Steel output in the world’s top producer is set to be disrupted this month and in September as mills around Beijing are ordered to cut supply to ensure blue skies for the parade, which marks the end of World War II, as well as a sports event. Iron ore dropped to a six-year low below $45 a metric ton in early July as Rio Tinto Group and Vale SA raised output into an oversupplied market, before rallying back into a bull market. UBS’s Morgan said prices of about $50 a ton are reasonable.

“We could easily see sub-$45 a ton as part of the normal volatility in this space, but I don’t think prices would sustain levels below $40,” Morgan said in an e-mail, referring to the cost of benchmark supplies landed in China.

Ore with 62 percent content in Qingdao entered the bull market last week, rebounding from the low of $44.59 a dry ton on July 8, according to Metal Bulletin Ltd. Prices rose 2.7 percent to one-month high of $56.78 on Wednesday.
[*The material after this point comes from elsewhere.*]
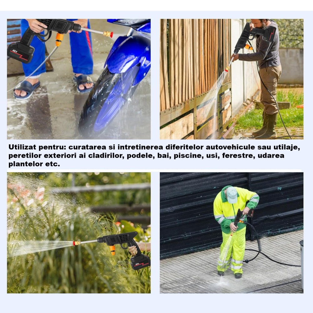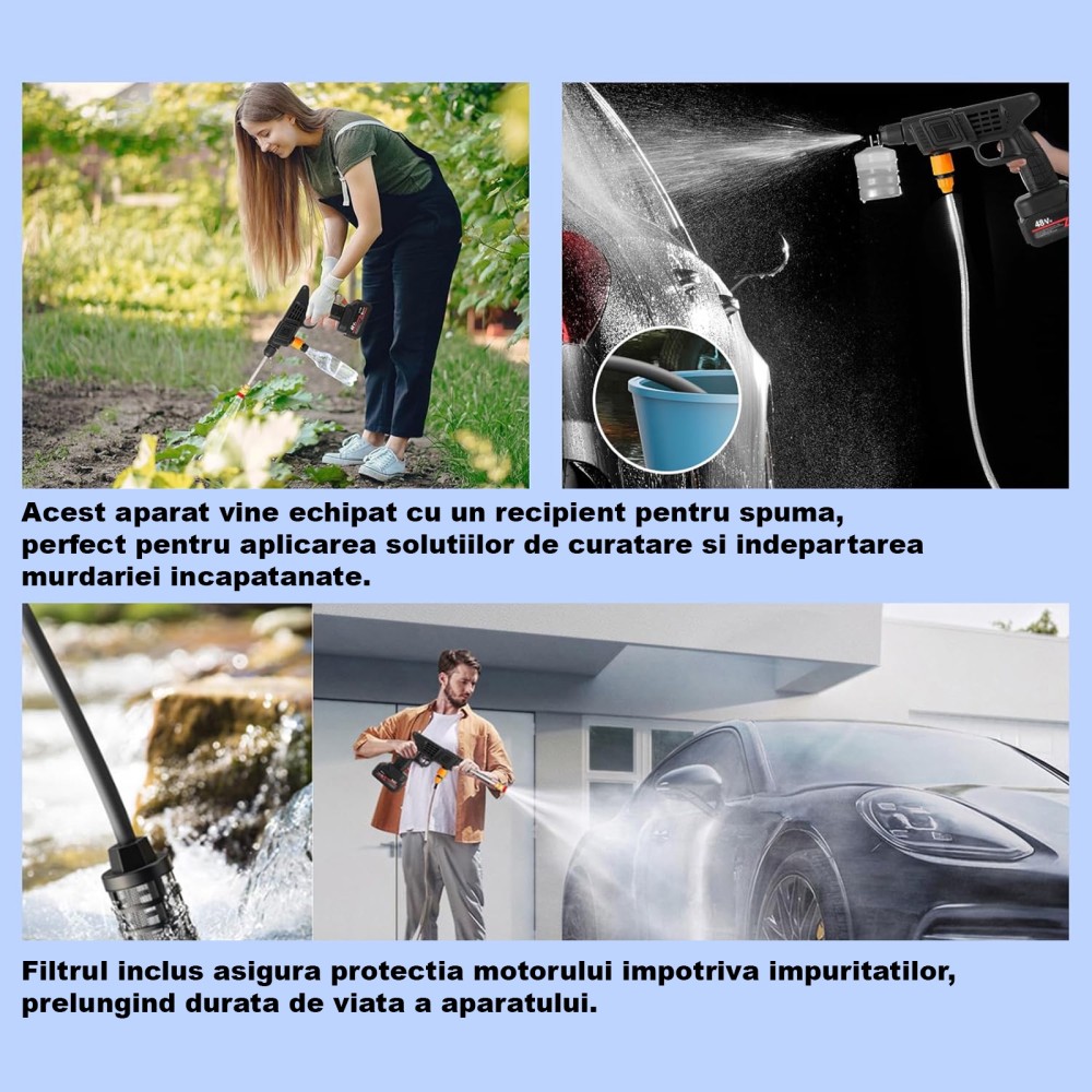Aparat De Spalat Cu Presiune GREATON Tip Pistol, Doi Acumulatori Reincarcabili, Maner Ergonomic, Recipient Spuma, Filtru, Furtun Incluse, 3 Moduri De

They’re still 20 percent lower this year.

Japan’s Surrender

China’s leadership is scheduled to host the parade in Tiananmen Square on Sept. 3 to commemorate the 70th anniversary of Japan’s surrender. Before that, Beijing will host the world track and field championships from Aug. 22-30.

As much as 6 million tons of steel production may be cut, more than was lost last year when similar curbs were used for a global summit, according to Mysteel Research’s chief analyst Xu Xiangchun, who cited talks with policy makers and mills. The restrictions will cover Hebei, China’s biggest steel-producing region, as well as Beijing and Tianjin.

The output disruption may reduce demand for iron ore by about 10 million tons, Australia & New Zealand Banking Group Ltd. wrote in a note on Monday. Macquarie Group Ltd. said that the move risked spurring volatility in iron ore prices.

Iron ore and steel prices in China climbed in recent days. Iron ore futures advanced 2.9 percent to close at 377 yuan ($60.71) a ton in Dalian on Wednesday, the highest in a month, as spot rebar advanced for an eighth day to cap the longest rising streak since October.